GIVEN INFORMATION:
****

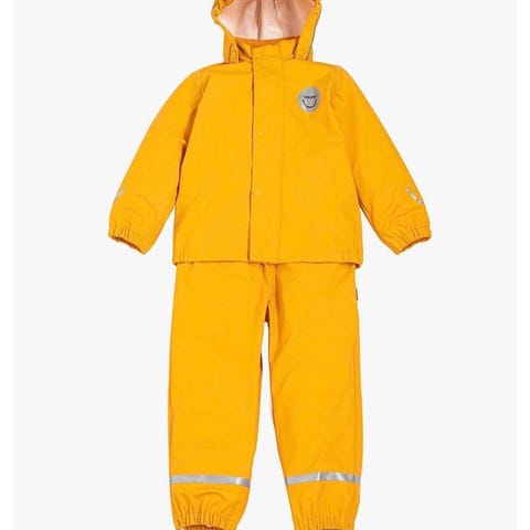 Et regnsett til barn som lyser opp på grå dager. Laget i resirkulerte fibre.
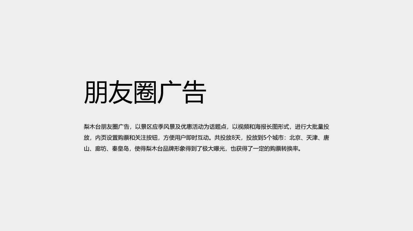 2011年,针对梨木台景区存在的品牌定位模糊、没有统一核心诉求、差异化竞争力薄弱等问题,进行梳理分析,充分发掘景区特质,建立品牌定位,提炼出slogan“世外山水画,传奇梨木台”,延展出“封存千年的传奇风景”这一主推广语,凝结出“七大传奇”的核心价值点。优化升级logo,围绕封存概念,进行主形象创意设计。后期围绕品牌定位,制定了一系列战略规划,进行地缘式立体营销推广,使梨木台在京津冀地区旅游市场形成了独特的竞争优势,从一个缺乏差异化特色的观光景点蜕变成为定位精准、产品特征显著的文化特色景区,游客数量持续攀升,实现华丽变身。
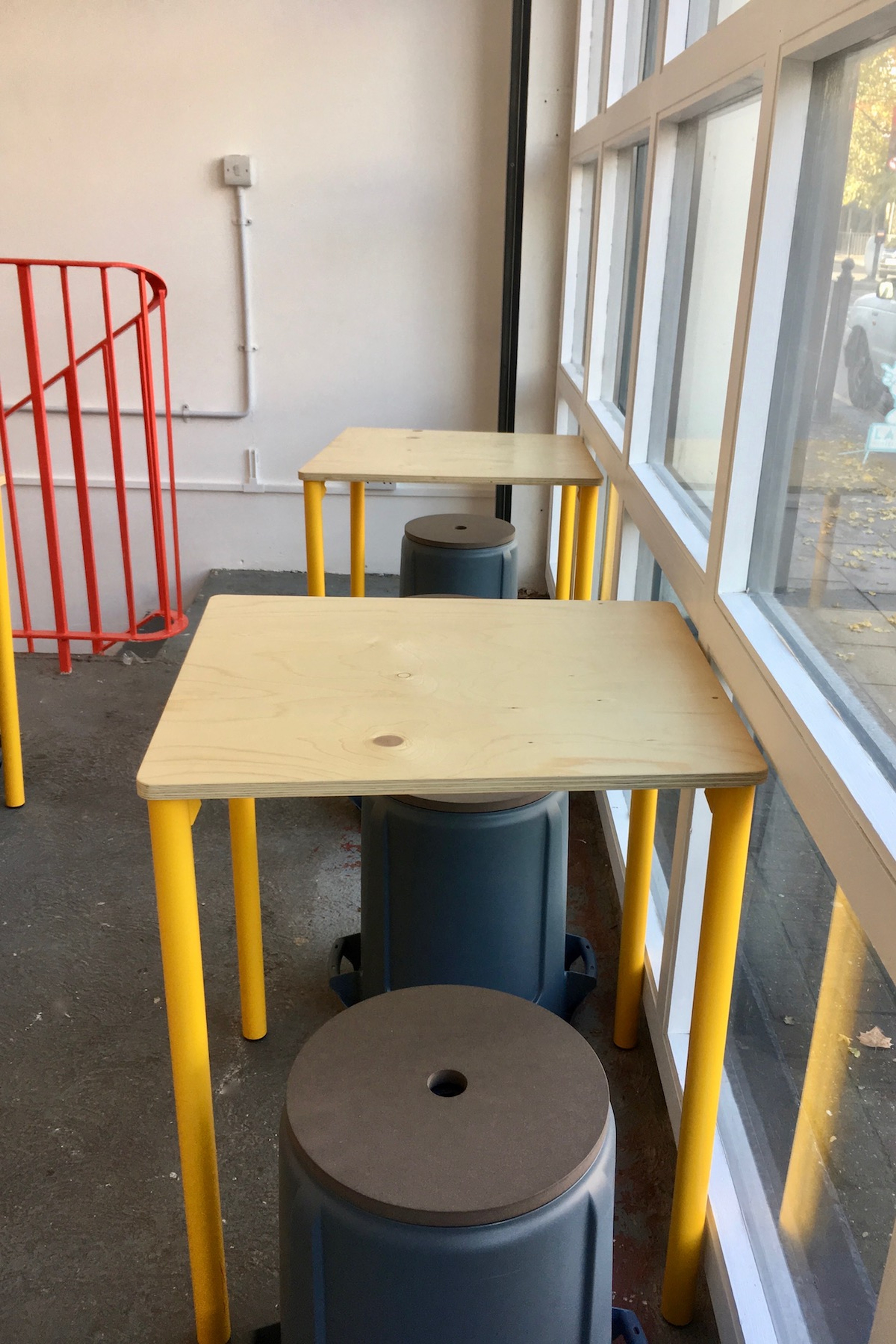 Furniture/interior design for Lanark Coffee‘s new space J.Bell. The space which is next door to the original Lanark will provide extra seating and a rotating display/retail wall. All furniture was designed to use ready made items and hardware where possible, re-purposing catering supplies and readily available materials. With the tables this idea of repurposing was not possible so we opted to go with a design with minimal waste and labour involved. The irregular tops are cut from a single sheet of ply that is divided into a grid of 10 and 5 degree angles this uses the board entirely producing no waste. The shapes are intended to be easy to slip past in the tight space while also allowing interesting configurations for large groups if needed. The legs are a repeat of the same design utilising a laser cut bracket and tubular upright, there is no need for further supporting structure which means the tables can also stack in to towers of three.

****

PROBLEM STATEMENT: Except for the pictures, return every line of the material exactly.

RESULT FOR THIS TASK:
 Et regnsett til barn som lyser opp på grå dager. Laget i resirkulerte fibre.
 2011年,针对梨木台景区存在的品牌定位模糊、没有统一核心诉求、差异化竞争力薄弱等问题,进行梳理分析,充分发掘景区特质,建立品牌定位,提炼出slogan“世外山水画,传奇梨木台”,延展出“封存千年的传奇风景”这一主推广语,凝结出“七大传奇”的核心价值点。优化升级logo,围绕封存概念,进行主形象创意设计。后期围绕品牌定位,制定了一系列战略规划,进行地缘式立体营销推广,使梨木台在京津冀地区旅游市场形成了独特的竞争优势,从一个缺乏差异化特色的观光景点蜕变成为定位精准、产品特征显著的文化特色景区,游客数量持续攀升,实现华丽变身。
 Furniture/interior design for Lanark Coffee‘s new space J.Bell. The space which is next door to the original Lanark will provide extra seating and a rotating display/retail wall. All furniture was designed to use ready made items and hardware where possible, re-purposing catering supplies and readily available materials. With the tables this idea of repurposing was not possible so we opted to go with a design with minimal waste and labour involved. The irregular tops are cut from a single sheet of ply that is divided into a grid of 10 and 5 degree angles this uses the board entirely producing no waste. The shapes are intended to be easy to slip past in the tight space while also allowing interesting configurations for large groups if needed. The legs are a repeat of the same design utilising a laser cut bracket and tubular upright, there is no need for further supporting structure which means the tables can also stack in to towers of three.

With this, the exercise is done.